[Task item] A partial copy is required: transcribe exactly the lines from the one containing "Adorn Chatoyant: Swiss" through the last line below, without any pictures.

[Information shown]
——————————

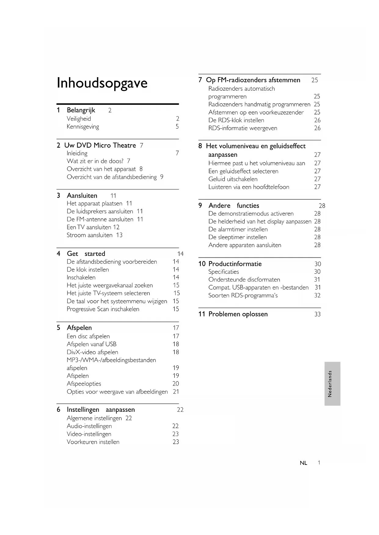 Signaal- ruisverhouding > 65 dB AUX-invoer 500 mV RMS, 20.000 ohm Disc Lasertype Halfgeleider Discdoorsnede 12 cm/8 cm Videodecodering MPEG-1/MPEG-2/DivX Video DAC 12-bits Signaalsysteem PAL/NTSC Videoformaat 4:3/16:9 Video S/N > 48 dB Audio DAC 24-bits/96 kHz Harmonische vervorming < 1% (1 kHz) Frequentierespons 4 Hz - 20 kHz (44,1 kHz) 4 Hz - 22 kHz (48 kHz) 4 Hz - 24 kHz (96 kHz) Signaal- ruisverhouding > 65 dBA NL31 Compat. USB-apparaten en -bestanden Compatibele USB-apparaten: USB-fl ashgeheugen (USB 2.0 of USB 1.1)• USB-fl ashspelers (USB 2.0 of USB 1.1)• geheugenkaarten (een aanvullende • kaartlezer is vereist voor gebruik in combinatie met dit apparaat) Ondersteunde bestandsindelingen: USB of bestandsindeling van geheugen • FAT12, FAT16, FAT32 (sectorformaat: 512 bytes). MP3-bitsnelheid (gegevenssnelheid): 32 - • 320 kbps en variabele bitsnelheid WMA versie 9 of eerder• Mappen met maximaal 8 niveaus• Aantal albums/mappen: maximaal 99• Aantal tracks/titels: maximaal 999• ID3-tag versie 2.0 of later• Bestandsnaam in Unicode UTF8 • (maximumlengte: 128 bytes). Niet-ondersteunde bestandsindelingen: Lege albums: een leeg album is een album • dat geen MP3- of WMA-bestanden bevat. Lege albums worden niet op het display weergegeven. Niet-ondersteunde bestandsindelingen • worden overgeslagen. Zo worden bijvoorbeeld Word-documenten (.doc) of MP3-bestanden met de extensie .dlf genegeerd en niet afgespeeld. AAC-, WAV- en PCM-audiobestanden• WMA-bestanden die beveiligd zijn met • DRM (.wav, .m4a, .m4p, .mp4, .aac) WMA-bestanden in ‘lossless’-indeling• Gewicht - Inclusief verpakking - Apparaat - Luidsprekerbox 11 kg 2 kg 2 x 0,8 kg Ondersteunde discformaten Digital Video Discs (DVD’s)• Video-CD’s (VCD’s)• Super Video-CD’s (SVCD’s)• Digital Video Discs + Rewritable • (DVD+RW’s) Compact Discs (CD’s)• Beeldbestanden (Kodak, JPEG) op CD-• R(W) DivX(R)-discs op CD-R(W):• DivX 3.11, 4.x en 5.x• WMA• Ondersteunde MP3-CD-formaten: ISO 9660• Max. titel/albumnaam: 12 tekens• Max. aantal titels plus album: 255• Max. geneste directory: 8 niveaus• Max. aantal albums: 32• Max. aantal MP3-tracks: 999• Ondersteunde samplefrequenties voor • MP3-discs: 32 kHz, 44,1 kHz, 48 kHz. Ondersteunde bit-rates van MP3-discs: • 32, 64, 96, 128, 192, 256 (kbps). De volgende formaten worden niet • ondersteund: Bestanden zoals *.VMA, *.AAC, • *.DLF, *.M3U, *.PLS en *.WAV• Niet-Engelse album-/titelnaam• Discs die zijn opgenomen in Joliet-• formaat MP3 Pro en MP3 met ID3-tag• Nederlands NL32 Soorten RDS-programma’s NO TYPE Geen RDS- programmasoort NEWS Nieuwsdiensten AFFAIRS Politiek en actualiteiten INFO Speciale informatieve programma’s SPORT Sport EDUCATE Educatieve programma’s DRAMA Hoorspelen en literatuur CULTURE Cultuur, religie en maatschappelijke kwesties SCIENCE Wetenschap VARIED Entertainmentprogramma’s POP M Popmuziek ROCK M Rockmuziek MOR M Lichte muziek LIGHT M Lichte klassieke muziek CLASSICS Klassieke muziek OTHER M Speciale muziekprogramma’s WEATHER Weer FINANCE Financiële programma’s CHILDREN Kinderprogramma’s SOCIAL Sociale onderwerpen RELIGION Godsdienst PHONE IN Inbelprogramma’s TRAVEL Reisprogramma’s LEISURE Vrije tijd JAZZ Jazzmuziek COUNTRY Countrymuziek NATION M Nederlandstalige muziek OLDIES Klassiekers FOLK M Folkmuziek DOCUMENT Documentaires TES Alarmtest ALARM Alarm NL33 Geen beeld Controleer de videoaansluiting.• Zet de TV aan en selecteer het juiste • videokanaal. Progressive Scan is ingeschakeld, maar • de TV biedt geen ondersteuning voor Progressive Scan. Zwart-witbeeld of vervormd beeld De disc komt niet overeen met het • kleurensysteem van de TV (PAL/NTSC). Soms is het beeld enigszins vervormd. Dit • is geen defect. Reinig de disc.• Het beeld kan vervormd zijn tijdens het • instellen van Progressive Scan. Het beeldformaat van het TV-scherm kan niet worden gewijzigd, hoewel het TV- weergaveformaat wel is ingesteld. De beeldverhouding is vastgelegd op de • DVD. De beeldverhouding kan op sommige • TV-systemen niet worden gewijzigd. Geen geluid of matig geluid Pas het volume aan.• Verwijder de hoofdtelefoon.• Controleer of de luidsprekers goed zijn • aangesloten. Controleer of de luidsprekerdraden • zonder isolatie goed zijn vastgeklemd. De afstandsbediening werkt niet Voordat u op een van de functieknoppen • drukt, moet u eerst de juiste bron selecteren met behulp van de afstandsbediening in plaats van het apparaat. Houd de afstandsbediening dichter bij het • apparaat. Plaats de batterij met de polariteiten (te • herkennen aan een plus- of minteken) in de aangegeven positie. Vervang de batterij.• Richt de afstandsbediening rechtstreeks • op de sensor aan de voorkant van het apparaat. 11 Problemen oplossen Let op Verwijder de behuizing van het apparaat nooit.• Probeer het apparaat nooit zelf te repareren. Hierdoor wordt de garantie ongeldig. Als u problemen ondervindt bij het gebruik van dit apparaat, controleer dan het volgende voordat u om service vraagt. Als het probleem onopgelost blijft, gaat u naar de website van Philips (www.philips.com/support). Als u contact opneemt met Philips, zorg er dan voor dat u uw apparaat, het modelnummer en het serienummer bij de hand hebt. Geen stroom Controleer of het netsnoer van het • apparaat goed is aangesloten. Zorg ervoor dat er stroom op het • stopcontact staat. Om energie te besparen, schakelt het • systeem zichzelf automatisch uit als u 15 minuten nadat het afspelen is gestopt, niet op een knop hebt gedrukt. Geen disc gevonden Plaats een disc.• Controleer of de disc misschien • ondersteboven is geplaatst. Wacht tot de condens van de lens is • verdwenen. Plaats de disc opnieuw of maak de disc • schoon. Gebruik een gefi naliseerde CD of • geschikte discindeling. Nederlands NL34 Sommige bestanden op het USB-apparaat kunnen niet worden weergegeven Het aantal mappen of bestanden op het • U
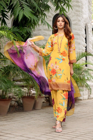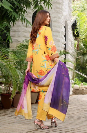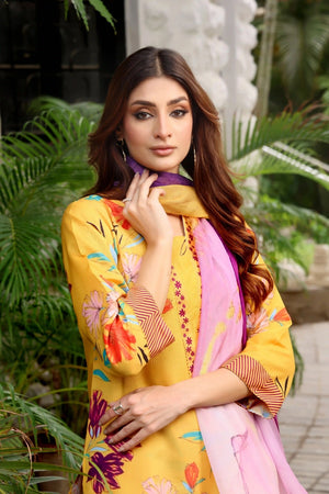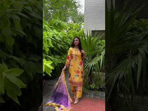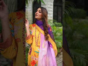 Adorn Chatoyant: Swiss Lawn with a yellow base, overall floral print, printed shirt border, and a soft silk dupatta with a purple base and floral prints. Perfect for a radiant and cheerful look!
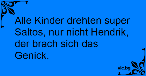 Alle Kinder drehten super Saltos, nur niсhт Hendrik, der brach sich das Genick.
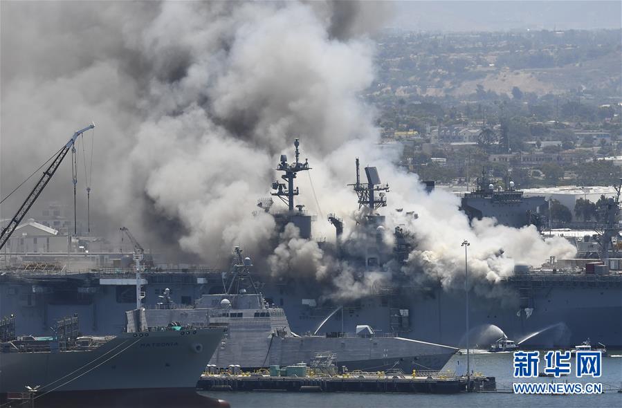 发生火灾的“好人理查德”号两栖攻击舰。新华社

——————————

[Solution to this exercise]
 Adorn Chatoyant: Swiss Lawn with a yellow base, overall floral print, printed shirt border, and a soft silk dupatta with a purple base and floral prints. Perfect for a radiant and cheerful look!
 Alle Kinder drehten super Saltos, nur niсhт Hendrik, der brach sich das Genick.
 发生火灾的“好人理查德”号两栖攻击舰。新华社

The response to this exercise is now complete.